The Boyertown Area Unity Coalition's public profile was raised by the class-size committee fiasco, and the coalition sustained this attention by focusing on the activity of white supremacist groups in the area. For instance, the BAUC organized demonstrations in support of diversity and the appreciation of cultural and ethnic differences on the same corner where a local KKK group had been known to solicit. It also began to monitor more closely the activity of the white supremacist groups, both the KKK and the Aryan Nations, which was housed at a Longswamp, Berks County farm owned by Mark Thomas. Engaging the Aryan Nations
To educate the Boyertown area public about the dangers of these hate groups and others like them, the BAUC continued to sponsor speakers such as Ann Van Dyke and Floyd Cochran, a one-time recruiter for the Aryan Nations who raised thousands of dollars for the group and gained national notoriety for his effectiveness at persuading young people to join Aryan Nations. On August 7, 1995, Cochran told a packed Boyertown Senior Center about his change of heart and mind:
It took a threat on the life of Cochran's son to shock him to his senses. In April of 1992, he confided to a fellow Aryan Nations member that he need money for an operation on his son's cleft palate. The Aryan Nation member told Cochran that his son would have to be killed when their movement seized control of the country. Shaken severely by his comrade's remark, Cochran began a period of intense self-examination. He left the Aryan Nations organization three months later, but found himself racked by guilt for having cast off his Christian Identity teachings [Christian Identity is the religious arm of the Aryan Nations movement.] He felt he had abandoned God.

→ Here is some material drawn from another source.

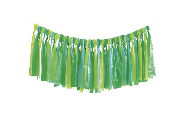 Frynsedekorasjon er en dekorativ frynsegirlander i plast som skaper liv og bevegelse i rommet. Perfekt til bursdag, sommerfest, hageparty eller andre feiringer hvor du vil ha en frisk og fargerik stemning.Girlanderen kan henges opp langs vegger, over bord eller i taket for å gi en dynamisk og festlig effekt.

Eventually Cochran was embraced by two individuals belonging to organizations that opposed the Aryan Nations movement. He began a process of self-examination and atonement that he says continues even now, three years later.

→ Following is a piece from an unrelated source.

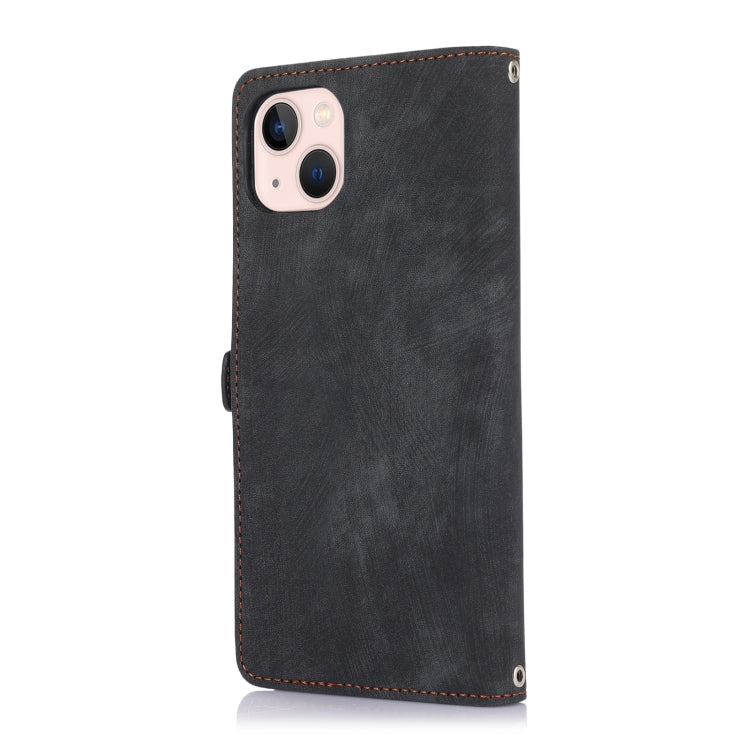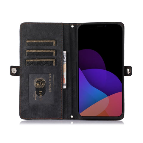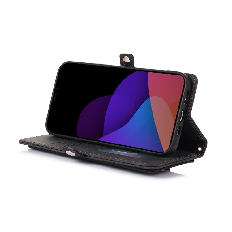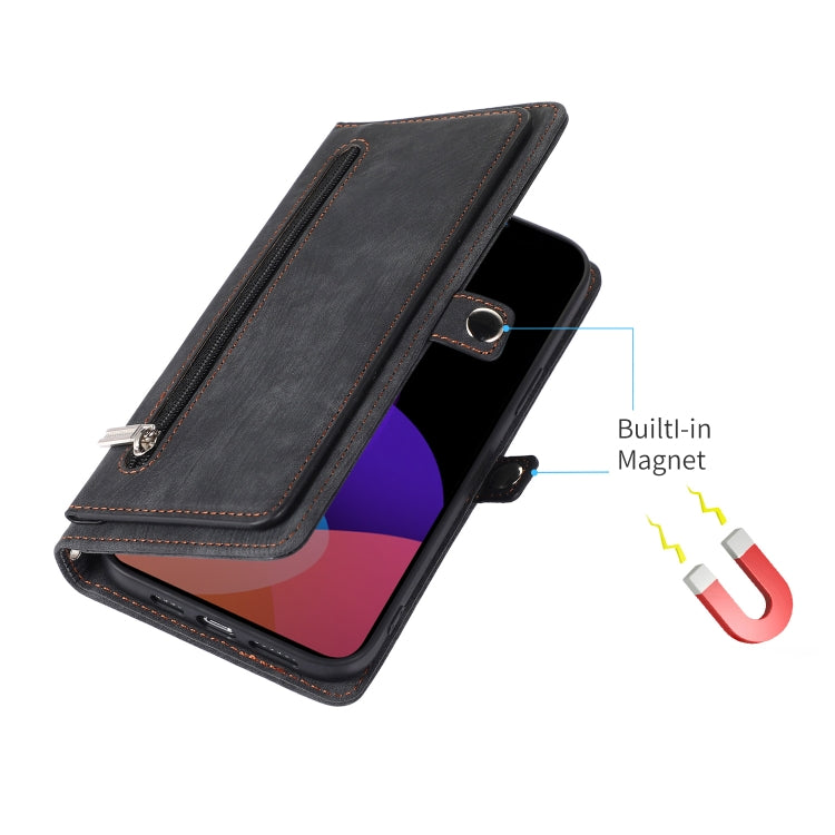 For iPhone 14 Zipper Card Slot Buckle Wallet Leather Phone Case (Black)

These days Cochran travels across the country, exposing the new faces of hate in the 1990s white supremacy movement. . . . "You have a colony of bigots that have landed here," he said. "If you let them go unnoticed, they will continue to grow, pandering again to those fears and those stereotypes."
[Jeff Bell, Boyertown Area Times, 10 Aug. 1995]Floyd Cochran, Anti-Hate Group Educator
Cochran's appearance once again brought together the BAUC and Mark Thomas. Thomas and Robert L. Woodley, Bechtelsville KKK leader, both appeared at Cochran's talk to heckle and claim that the latter distorted information about Aryan Nations.